Lecture 16: Respiratory 1 Flashcards
What are the 3 parts that make up the respiratory system?
Conducting airway
Transitional airway
Exchange airway
What are the notable gross and histologic features of the conducting airway?
It is made up of the trachea and bronchi
Containing stratified squamous epithelium along with respiratory epithelium: pseudostratified columnar epithelium with cilia and goblet cells
Contains olfactory epithelium
What are the notable gross and histologic features of the transitional airway?

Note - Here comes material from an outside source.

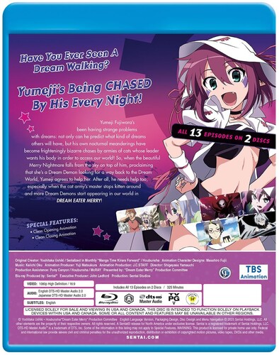 Yumeji Fujiwara’s been having strange problems with dreams: not only can he predict what kind of dreams others will have, but his own nocturnal meanderings have become frighteningly bizarre chases by armies of cats whose leader wants his body in order to access our world! So, when the beautiful Merry Nightmare falls from the sky on top of him, proclaiming that she's a Dream Demon looking for a way back to the Dream World, Yumeji agrees to help her. After all, he needs help too, especially when the cat army’s master stops kitten around and more Dream Demons start appearing in our world in DREAM EATER MERRY!
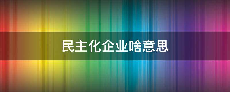 民主化企业意思是企业的经营管理采取民主方式。强化意识企业民主化管理的实施与推进,其核心和根本在于企业管理层和领导者的重视程度与整体意识。在企业管理中,许多的优秀企业结合自身的特点,采取一系列的先进管理措施,取得了成功的经验,并在长期的运行中形成契合实效的独特模式。

Made of bronchioles and respiratory bronchioles
There is decreasing amounts of cartilage and there is no cartilage in the bronchioles
They contain club cells: used for detoxification of xenobiotics via oxidases, they make a protective secretion and make surfactant
What are the notable gross and histologic features of the exchange airway?
Alveoli
type 1 pneumocytes are flat and cover 95% of the alveoli. They cannot do cell division
type 2 pneumocytes are found in the same number as type 1 but they only cover 5% of the area. They are cuboidal cells and make type 1 pneumocytes and surfactant
Contain alveolar macrophages
Compare and contrast the below features in bronchi and bronchioles:
- cartilage
- glands
- goblet cells
- cilia
- mucociliary apparatus
- club cells
Bronchi have cartilage and bronchioles dont
bronchi have glands and bronchioles dont
bronchi have goblet cells and bronchioles don’t
bronchi have cilia and bronchioles don’t really (losing them)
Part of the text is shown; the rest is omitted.